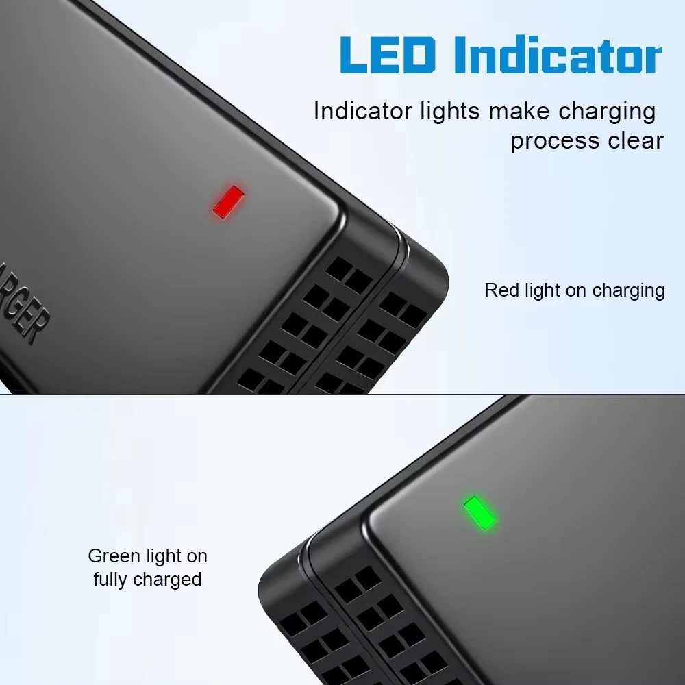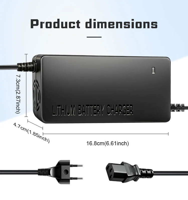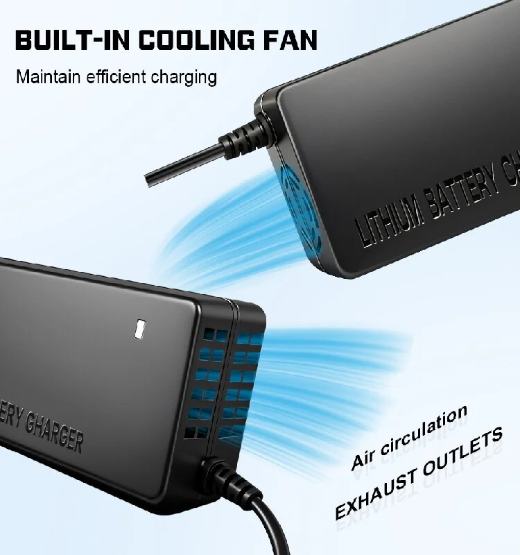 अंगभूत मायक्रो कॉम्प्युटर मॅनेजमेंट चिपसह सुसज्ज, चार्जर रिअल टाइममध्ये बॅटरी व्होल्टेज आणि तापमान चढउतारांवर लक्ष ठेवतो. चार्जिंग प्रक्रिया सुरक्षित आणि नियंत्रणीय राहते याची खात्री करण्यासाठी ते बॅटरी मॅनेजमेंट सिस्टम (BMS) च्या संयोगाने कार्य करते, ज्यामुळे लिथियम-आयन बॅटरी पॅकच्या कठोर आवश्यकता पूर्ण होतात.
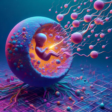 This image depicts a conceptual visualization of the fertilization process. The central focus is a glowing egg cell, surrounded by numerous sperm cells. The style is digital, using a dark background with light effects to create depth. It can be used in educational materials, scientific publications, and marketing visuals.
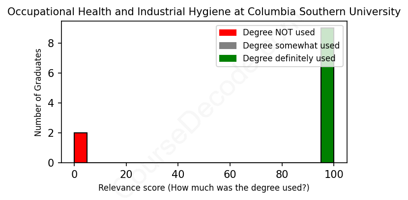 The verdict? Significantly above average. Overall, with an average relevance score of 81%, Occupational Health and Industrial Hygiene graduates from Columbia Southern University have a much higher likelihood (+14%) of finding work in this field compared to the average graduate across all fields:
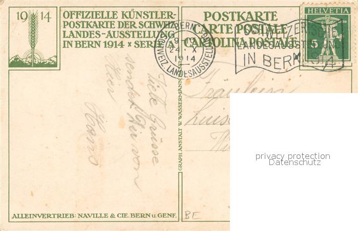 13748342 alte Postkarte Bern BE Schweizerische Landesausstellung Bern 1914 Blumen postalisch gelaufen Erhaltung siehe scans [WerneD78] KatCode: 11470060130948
========
_Description of the task_: With the pictures left out, return all the material above exactly.

_Exercise solution_:
 अंगभूत मायक्रो कॉम्प्युटर मॅनेजमेंट चिपसह सुसज्ज, चार्जर रिअल टाइममध्ये बॅटरी व्होल्टेज आणि तापमान चढउतारांवर लक्ष ठेवतो. चार्जिंग प्रक्रिया सुरक्षित आणि नियंत्रणीय राहते याची खात्री करण्यासाठी ते बॅटरी मॅनेजमेंट सिस्टम (BMS) च्या संयोगाने कार्य करते, ज्यामुळे लिथियम-आयन बॅटरी पॅकच्या कठोर आवश्यकता पूर्ण होतात.
 This image depicts a conceptual visualization of the fertilization process. The central focus is a glowing egg cell, surrounded by numerous sperm cells. The style is digital, using a dark background with light effects to create depth. It can be used in educational materials, scientific publications, and marketing visuals.
 The verdict? Significantly above average. Overall, with an average relevance score of 81%, Occupational Health and Industrial Hygiene graduates from Columbia Southern University have a much higher likelihood (+14%) of finding work in this field compared to the average graduate across all fields:
 13748342 alte Postkarte Bern BE Schweizerische Landesausstellung Bern 1914 Blumen postalisch gelaufen Erhaltung siehe scans [WerneD78] KatCode: 11470060130948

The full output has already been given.